In this closer-to-the-original digital image, Joe West is much easier to identify. Though I still doubt anyone not really, really well acquainted with 2017 New York Mets uniform #s and/or likely batting orders could have correctly ID'd Asdrubal Cabrera back there near the wall.

However -- Topps chose to crop this card down some, giving it their best shot to make it possible for us to recognize brand new Cubs back-up Catcher Taylor Davis, while also giving us a dramatic action Play @ The Plate baseball card.

Yet I am left with a continuing wonder if perhaps that cropping process inside Topps HQ, done to the digital image well after it was first recorded on an ultra high-end sports photographer's camera, might inevitably reduce the resolution on the other parts of the image that Topps doesn't really need, anyway. When after all what they do need is the visage of an MLB player for their own individual baseball card, not other players, fans, or an Umpire.

Here is another wrench in the zoom crops - reconsider the Rajai Davis card I posted yesterday -
-which is from a day game.
The Taylor Davis card, also from 2018 Update, is from a night game. I have noticed over the last couple years that the night cards arrive with a little more blur to everything beyond the player. Perhaps it is easier for the camera to keep good resolution of the objects farther and farther from the center of the focus point, in bright sunshine. On the other hand, Rajai's card is probably shot from much closer to Rajai than the distance to Taylor on that card. But in general, to me, the night cards have a little less resolution beyond the central player image. I think.

And I wonder how the printing process itself interacts with the possible sharpness around the edges of the card, as Jose Reyes's compression sleeve goes from a distinct Mets Orange in the original Getty Image, to a far less vivid kinda-reddish, sorta, color on the resulting baseball card.

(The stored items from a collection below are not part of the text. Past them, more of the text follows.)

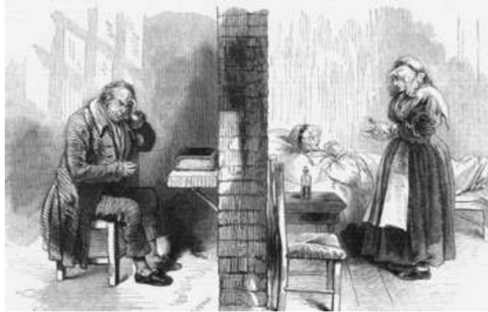
The 'Poor Law divorce', 1846. When people entered the workhouse, married couples were forced to live and work separately.
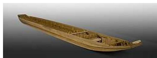
Model van Romeins schip dat bij De Meern (U) is opgegraven (Museum Castellum Hoge Woerd)

Romeinse legioenen bleken niet onoverwinnelijk. Dat geldt ook voor machtige legers in onze tijd. Waar denk je aan?
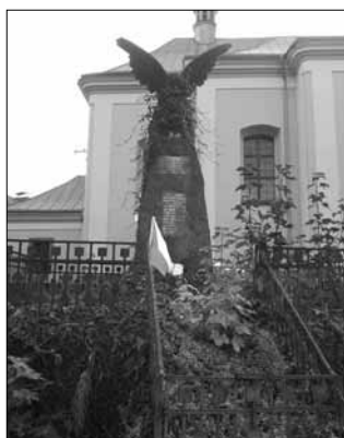
Pomník padlým za první světové války.
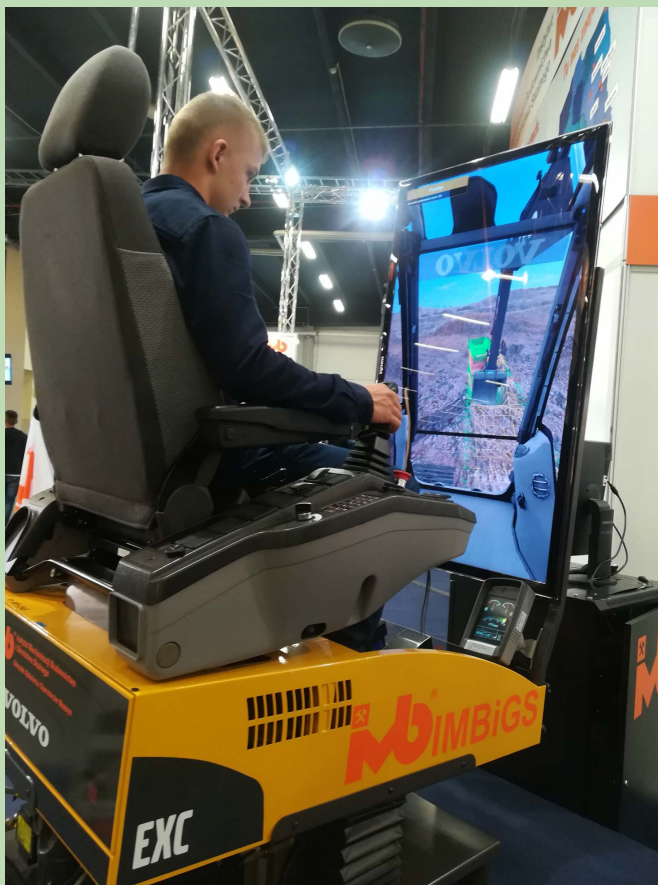
Podczas wyjazdów uczniowie mogą osobiście zobaczyć wszelkie nowinki techniczne

However the digi-stuff is all working in practice, I still know Joe West is on my baseball card; and that is yet another reason for me to think there is no particular contractual proscription on that.

Although I still can't answer this basic Baseball Card Theory question definitively either way as Topps never seems to ask me to just come hang out at Topps HQ with my jaw agape while I ask trivial questions all day, I do hope to see more cards like this. The Umpire is a pretty key part of the game after all. And I also know there will be only one way for me to continue trying to answer it. I'll just have to keep collecting baseball cards.